Exercise prompt
In your copy, leave out the pictures and reproduce the listing below exactly.

Input for this task

┏━━

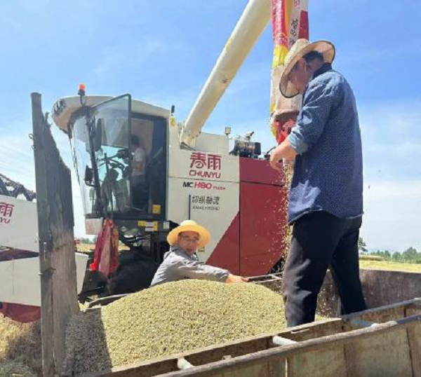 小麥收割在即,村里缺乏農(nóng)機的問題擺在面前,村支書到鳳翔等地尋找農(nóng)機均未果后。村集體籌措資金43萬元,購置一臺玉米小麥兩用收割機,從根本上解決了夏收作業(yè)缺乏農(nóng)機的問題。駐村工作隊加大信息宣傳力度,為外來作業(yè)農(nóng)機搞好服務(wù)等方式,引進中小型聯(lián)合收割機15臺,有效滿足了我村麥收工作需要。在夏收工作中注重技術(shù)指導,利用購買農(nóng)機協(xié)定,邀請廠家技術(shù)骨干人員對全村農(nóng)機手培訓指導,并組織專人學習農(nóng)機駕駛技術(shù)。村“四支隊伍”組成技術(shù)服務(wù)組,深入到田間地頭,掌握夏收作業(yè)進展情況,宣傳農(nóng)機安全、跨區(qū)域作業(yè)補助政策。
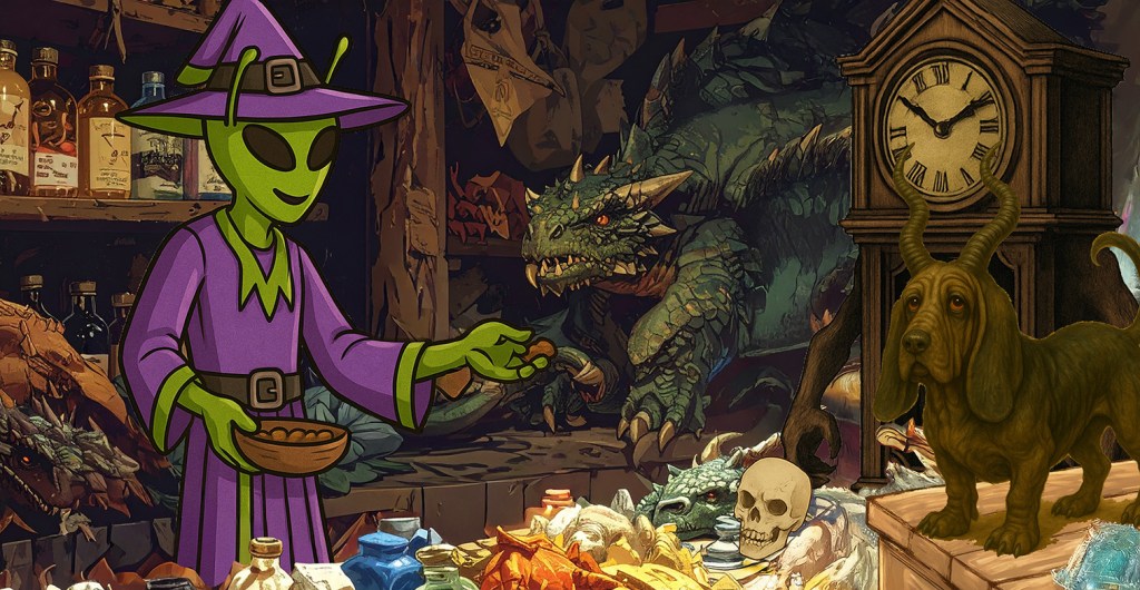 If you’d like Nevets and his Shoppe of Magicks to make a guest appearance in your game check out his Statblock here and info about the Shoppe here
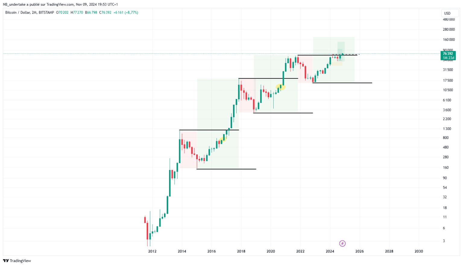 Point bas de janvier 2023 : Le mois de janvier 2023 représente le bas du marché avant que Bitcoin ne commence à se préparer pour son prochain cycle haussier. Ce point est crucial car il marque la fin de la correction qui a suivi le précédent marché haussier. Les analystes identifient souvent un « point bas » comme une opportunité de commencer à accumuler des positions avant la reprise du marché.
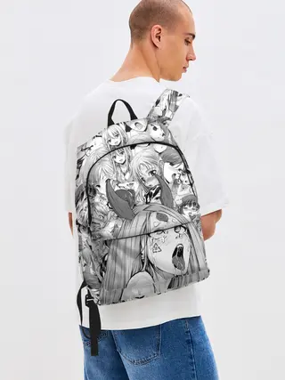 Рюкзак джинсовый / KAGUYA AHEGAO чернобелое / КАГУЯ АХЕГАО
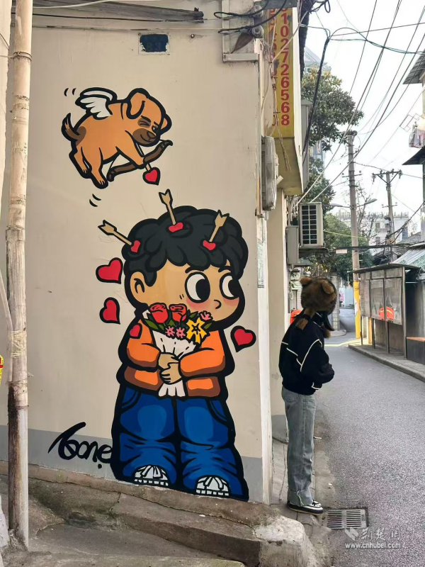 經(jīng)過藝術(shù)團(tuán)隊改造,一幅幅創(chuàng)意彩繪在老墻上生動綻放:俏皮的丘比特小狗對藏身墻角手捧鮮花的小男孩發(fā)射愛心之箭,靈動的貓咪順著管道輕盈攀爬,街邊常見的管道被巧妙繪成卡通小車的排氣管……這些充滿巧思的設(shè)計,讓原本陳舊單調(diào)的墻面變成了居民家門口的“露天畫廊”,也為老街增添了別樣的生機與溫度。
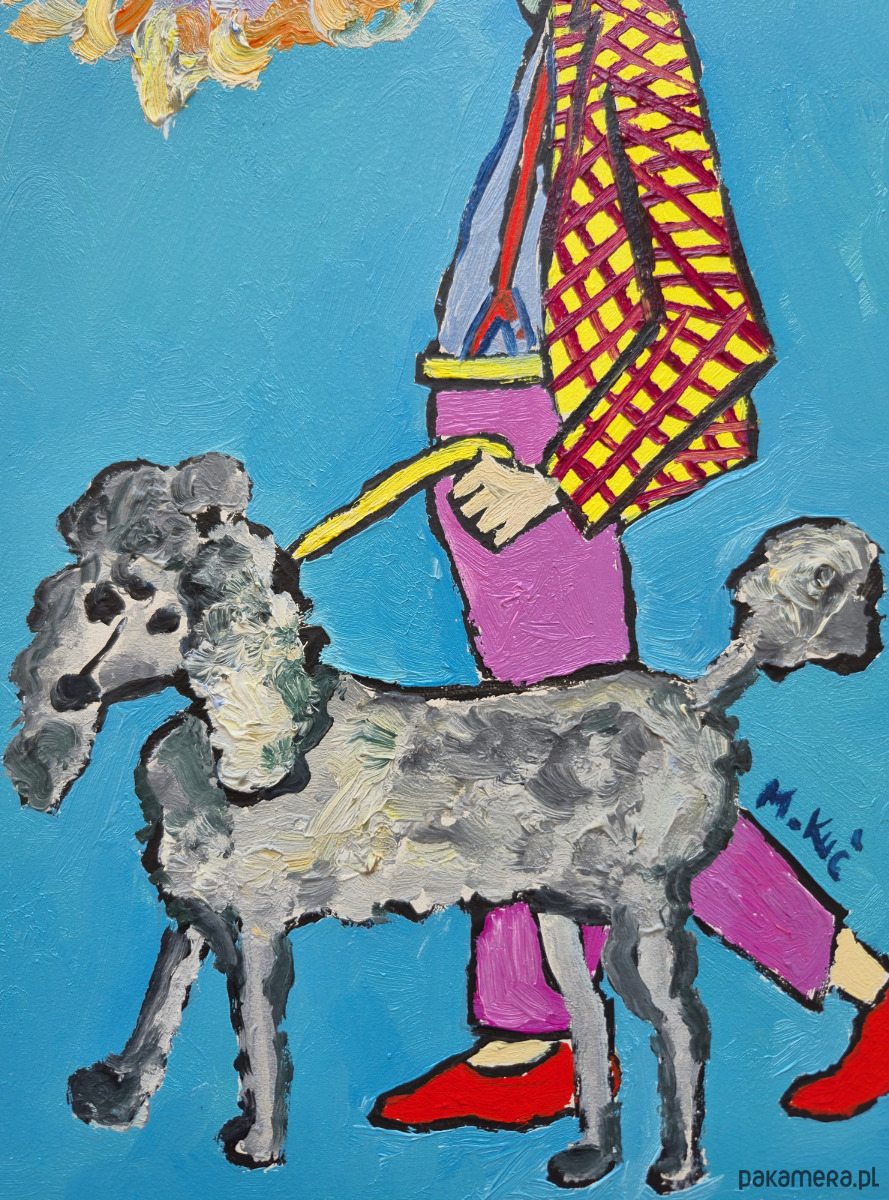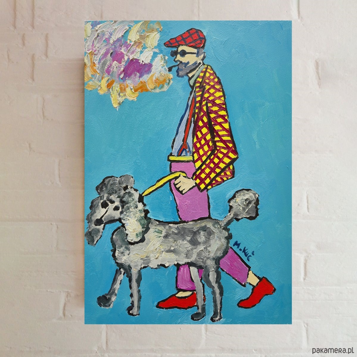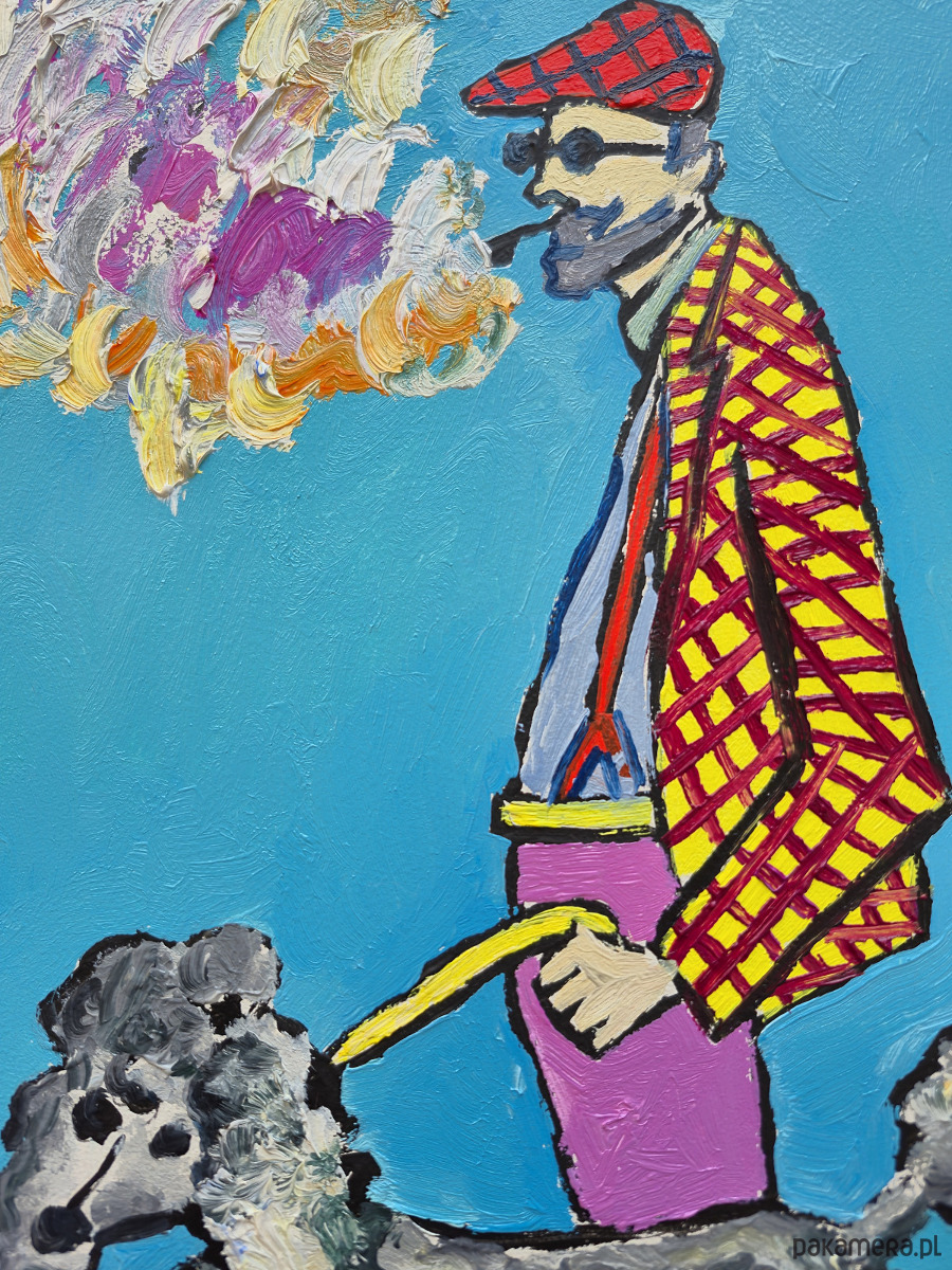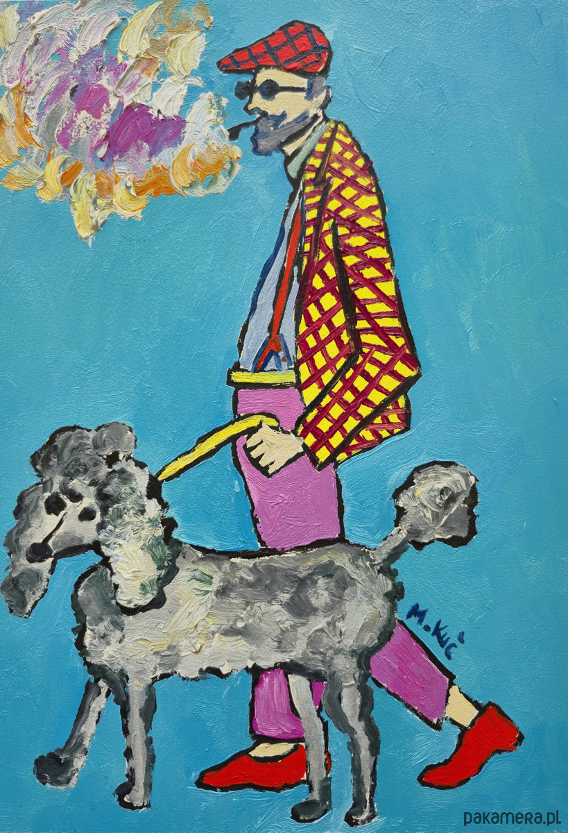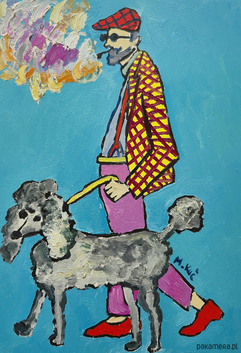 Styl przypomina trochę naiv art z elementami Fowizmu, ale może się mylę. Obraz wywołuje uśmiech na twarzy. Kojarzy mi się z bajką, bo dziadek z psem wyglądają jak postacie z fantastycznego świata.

┗━━

Solution to the problem
 小麥收割在即,村里缺乏農(nóng)機的問題擺在面前,村支書到鳳翔等地尋找農(nóng)機均未果后。村集體籌措資金43萬元,購置一臺玉米小麥兩用收割機,從根本上解決了夏收作業(yè)缺乏農(nóng)機的問題。駐村工作隊加大信息宣傳力度,為外來作業(yè)農(nóng)機搞好服務(wù)等方式,引進中小型聯(lián)合收割機15臺,有效滿足了我村麥收工作需要。在夏收工作中注重技術(shù)指導,利用購買農(nóng)機協(xié)定,邀請廠家技術(shù)骨干人員對全村農(nóng)機手培訓指導,并組織專人學習農(nóng)機駕駛技術(shù)。村“四支隊伍”組成技術(shù)服務(wù)組,深入到田間地頭,掌握夏收作業(yè)進展情況,宣傳農(nóng)機安全、跨區(qū)域作業(yè)補助政策。
 If you’d like Nevets and his Shoppe of Magicks to make a guest appearance in your game check out his Statblock here and info about the Shoppe here
 Point bas de janvier 2023 : Le mois de janvier 2023 représente le bas du marché avant que Bitcoin ne commence à se préparer pour son prochain cycle haussier. Ce point est crucial car il marque la fin de la correction qui a suivi le précédent marché haussier. Les analystes identifient souvent un « point bas » comme une opportunité de commencer à accumuler des positions avant la reprise du marché.
 Рюкзак джинсовый / KAGUYA AHEGAO чернобелое / КАГУЯ АХЕГАО
 經(jīng)過藝術(shù)團(tuán)隊改造,一幅幅創(chuàng)意彩繪在老墻上生動綻放:俏皮的丘比特小狗對藏身墻角手捧鮮花的小男孩發(fā)射愛心之箭,靈動的貓咪順著管道輕盈攀爬,街邊常見的管道被巧妙繪成卡通小車的排氣管……這些充滿巧思的設(shè)計,讓原本陳舊單調(diào)的墻面變成了居民家門口的“露天畫廊”,也為老街增添了別樣的生機與溫度。
 Styl przypomina trochę naiv art z elementami Fowizmu, ale może się mylę. Obraz wywołuje uśmiech na twarzy. Kojarzy mi się z bajką, bo dziadek z psem wyglądają jak postacie z fantastycznego świata.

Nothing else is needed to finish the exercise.